** Data segment follows **

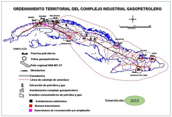 A mis primeros trabajos como proyectista territorial de la producción ganadera, siguieron los de localización de inversiones industriales, los de planeamiento sostenible del desarrollo turístico de un ecosistema frágil de cayería, la actuación como asesor de planeamiento en un proyecto de desarrollo minero- metalúrgico, la dirección científica de la reestructuración de la industria azucarera cubana, los estudios de ordenamiento territorial de la energía eólica, de la energías alternativas, y del complejo industrial gasopetrolero (Figura 2), entre otros.
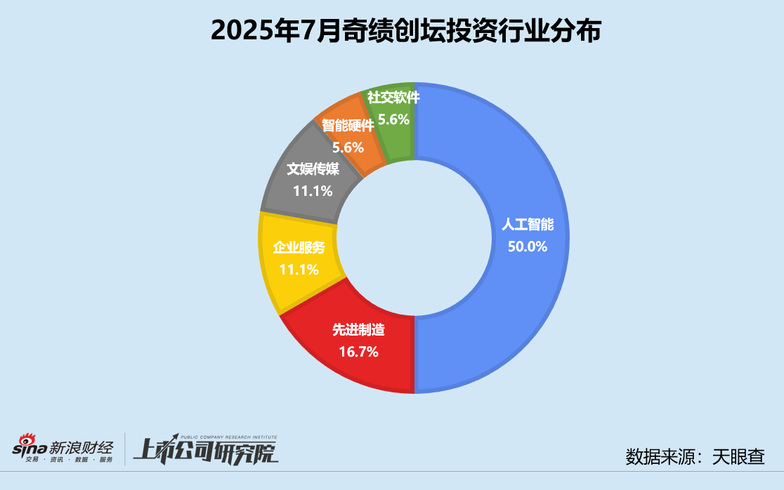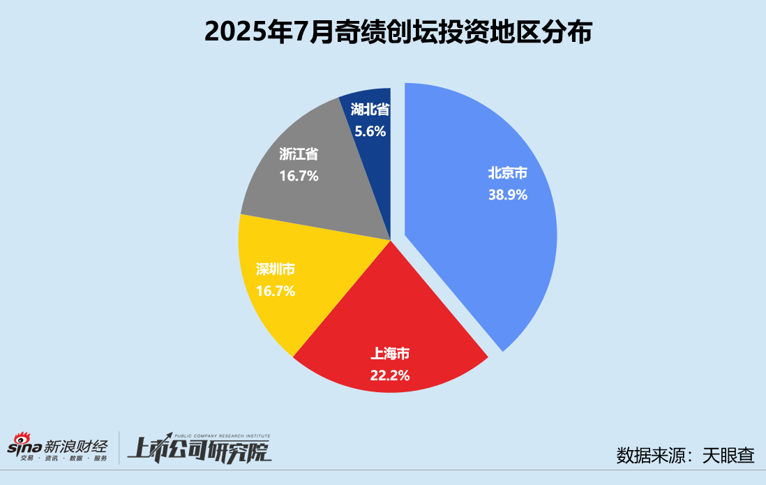 统计区间内,奇绩创坛公开披露的股权投资事件共18起,约为2024年7月的2.57倍,环比激增340%。往期数据显示,2024年下半年,奇绩创坛投资节奏整体平稳,平均每个季度出手参投少于20次。2025年,奇绩创坛由一季度的25起投资降至二季度的10起,直至7月才强势反弹。
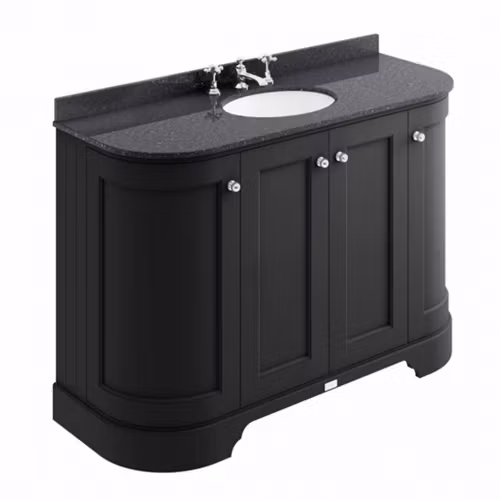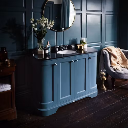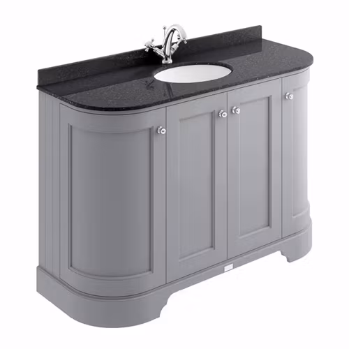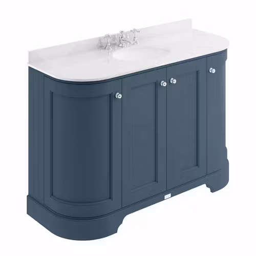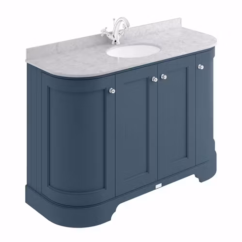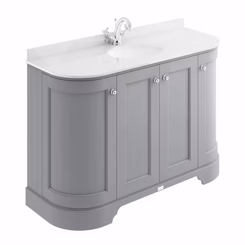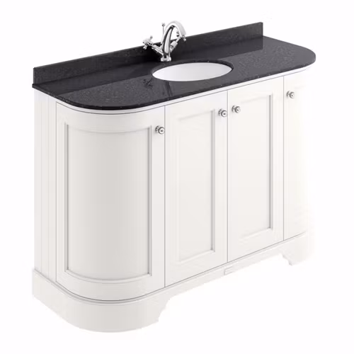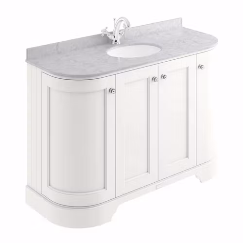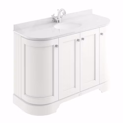 Elegant rundad badrumskommod från Bayswater, ca 122 cm bred, som kombinerar mjuka former med klassisk design och exklusiva materialval. Perfekt för dig som vill skapa ett stilfullt och harmoniskt badrum.

** End of Data segment **

• **Exercise instructions**: Please set down every line of the data above precisely, dropping the images.

• **Output of the exercise**:
 A mis primeros trabajos como proyectista territorial de la producción ganadera, siguieron los de localización de inversiones industriales, los de planeamiento sostenible del desarrollo turístico de un ecosistema frágil de cayería, la actuación como asesor de planeamiento en un proyecto de desarrollo minero- metalúrgico, la dirección científica de la reestructuración de la industria azucarera cubana, los estudios de ordenamiento territorial de la energía eólica, de la energías alternativas, y del complejo industrial gasopetrolero (Figura 2), entre otros.
 统计区间内,奇绩创坛公开披露的股权投资事件共18起,约为2024年7月的2.57倍,环比激增340%。往期数据显示,2024年下半年,奇绩创坛投资节奏整体平稳,平均每个季度出手参投少于20次。2025年,奇绩创坛由一季度的25起投资降至二季度的10起,直至7月才强势反弹。
 Elegant rundad badrumskommod från Bayswater, ca 122 cm bred, som kombinerar mjuka former med klassisk design och exklusiva materialval. Perfekt för dig som vill skapa ett stilfullt och harmoniskt badrum.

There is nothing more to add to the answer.